Worker migration in SQL 2019 is the process by which workers that are bound to a scheduler can be unbound and run on another scheduler in order to complete long running transactions sooner.
Once again I find the example of a car wash very handy here.
Assume you have a query (car) and a team of cleaners (threads) assigned to a team leader (worker) given a task of cleaning a car (task) in your shop -Shop A (scheduler). Now assume you have a competitor shop – Shop B down the road as well. Typically a car would enter a shop based on the load factor (the queue of cars waiting to be cleaned). Ideally the shop with the lesser queue gets the next car. However every once in a while one shop gets a car and the other gets a truck. Naturally the truck is going to take longer to clean but once a vehicle has been assigned to a shop it almost never switches in the middle.
In other words, workers for query execution are assigned from schedulers with lower load factor. The drawback of this approach is; it only works when all queries are similar in size i.e. there are only cars. If one shop has a truck and the other shop finishes cleaning its car it is still unable to assist. Therefore CPU cycles are wasted. With worker migration what is achieved is something similar to the below table:-
Shop A is busy cleaning the Truck, Shop B is done cleaning its car.

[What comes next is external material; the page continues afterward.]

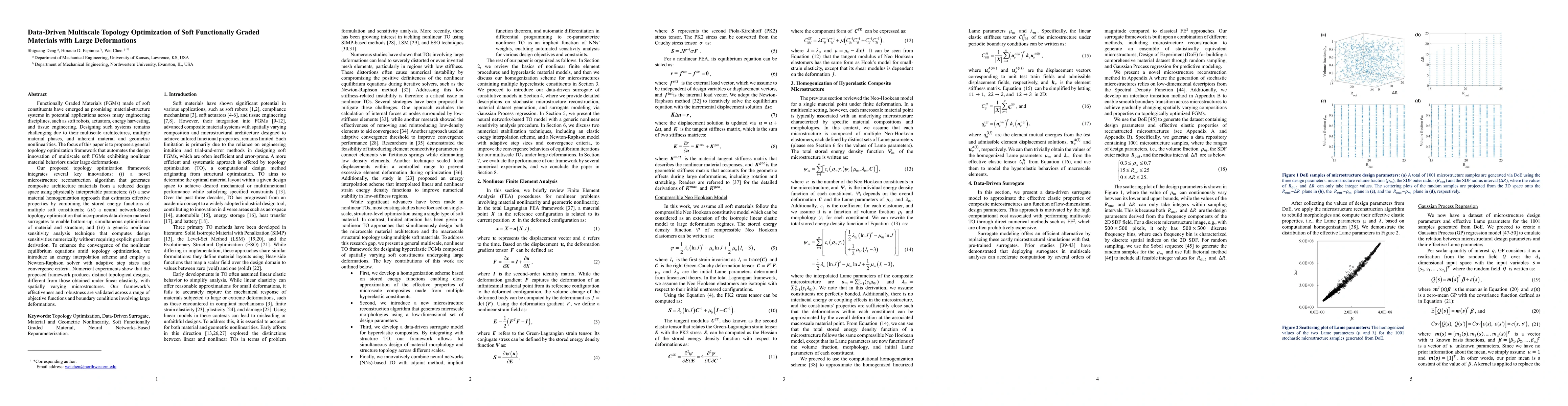 Functionally Graded Materials (FGMs) made of soft constituents have emerged as promising material-structure systems in potential applications across many engineering disciplines, such as soft robots, actuators, energy harvesting, and tissue engineering. Designing such systems remains challenging due to their multiscale architectures, multiple material phases, and inherent material and geometric nonlinearities. The focus of this paper is to propose a general topology optimization framework that automates the design innovation of multiscale soft FGMs exhibiting nonlinear material behaviors under large deformations. Our proposed topology optimization framework integrates several key innovations: (1) a novel microstructure reconstruction algorithm that generates composite architecture materials from a reduced design space using physically interpretable parameters; (2) a new material homogenization approach that estimates effective properties by combining the stored energy functions of multiple soft constituents; (3) a neural network-based topology optimization that incorporates data-driven material surrogates to enable bottom-up, simultaneous optimization of material and structure; and (4) a generic nonlinear sensitivity analysis technique that computes design sensitivities numerically without requiring explicit gradient derivation. To enhance the convergence of the nonlinear equilibrium equations amid topology optimization, we introduce an energy interpolation scheme and employ a Newton-Raphson solver with adaptive step sizes and convergence criteria. Numerical experiments show that the proposed framework produces distinct topological designs, different from those obtained under linear elasticity, with spatially varying microstructures.
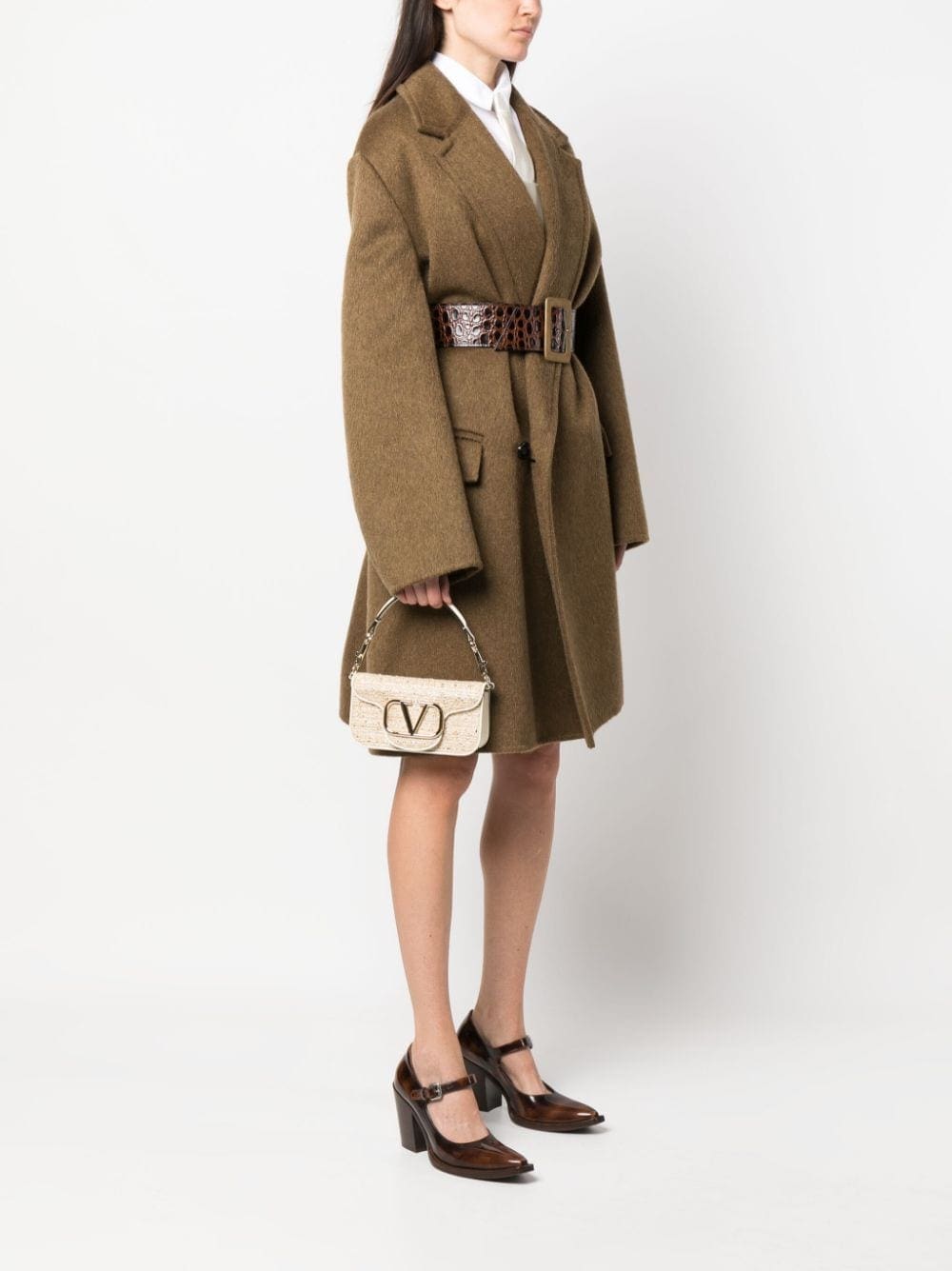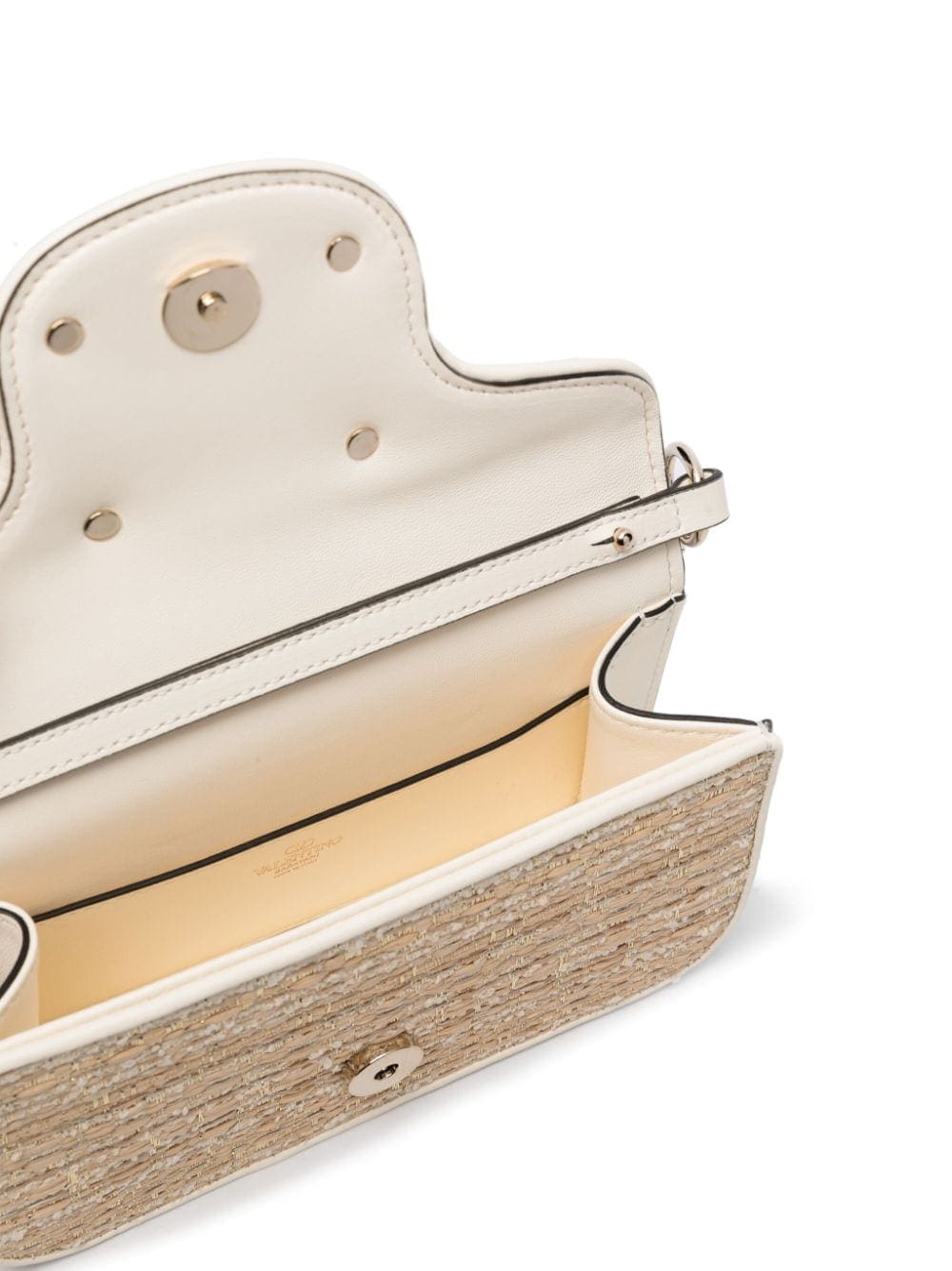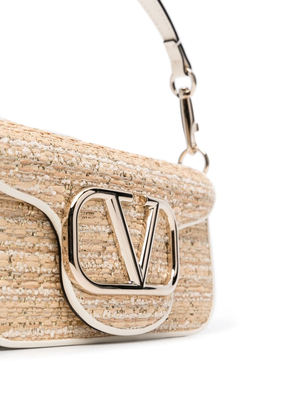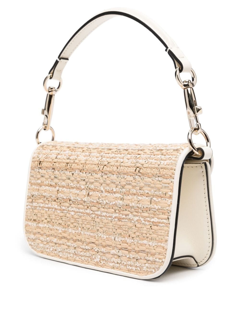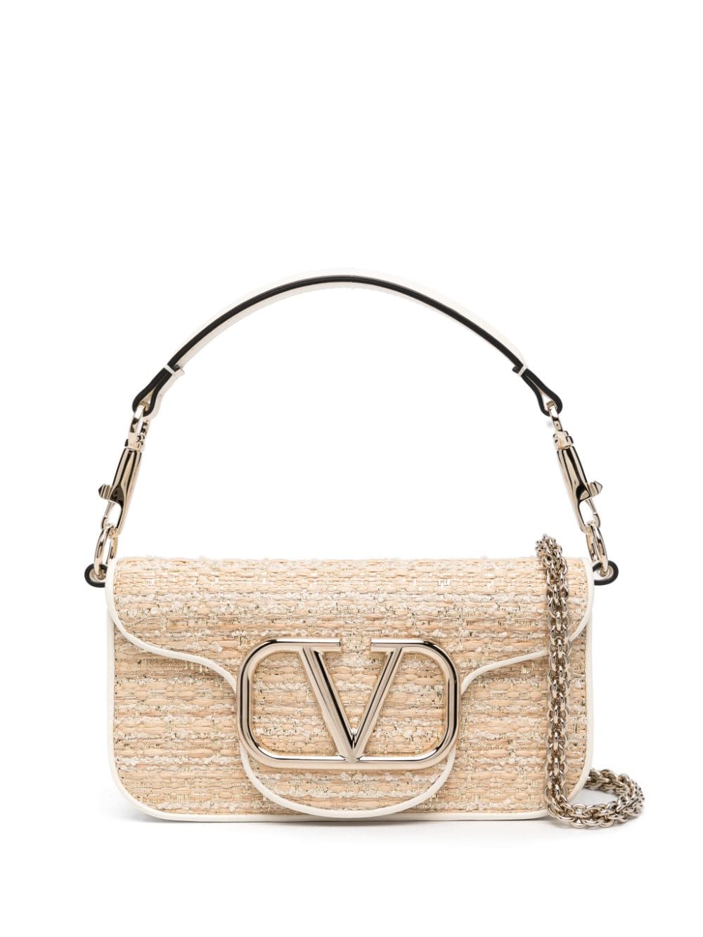 Valentino Garavani's signature VLogo steals focus on this beige tweed bag. It's fitted with a detachable Rockstud-embellished top handle and a chain-link shoulder strap for versatile styling.

Scheduler 1 is busy running a task, Scheduler 2 is done and doesn’t have any runnable tasks in queue
Team leader B from Shop B looks into Shop A and decides his team can help clean the carpets while Team A is busy cleaning the exterior.
Scheduler 2 picks the next runnable items from Scheduler 1s queue and Steals/ migrates the worker from Scheduler 1 ( which would otherwise have wasted time waiting)
So how is this different from context switching?
A context switch could be viewed as moving the truck repeatedly between SHOP A and SHOP B. This is obviously much more resource intensive and often requires a ton of coordination. With worker migration the car still remains in SHOP A and only a small task that can be run independently within the same NUMA node is what gets offloaded. Like removing the carpets to SHOP B and cleaning them there or having the customer pay in SHOP B while the work is still being performed in SHOP A.
Bottom line if a CPU is idle its processing cycles are not wasted with worker migration.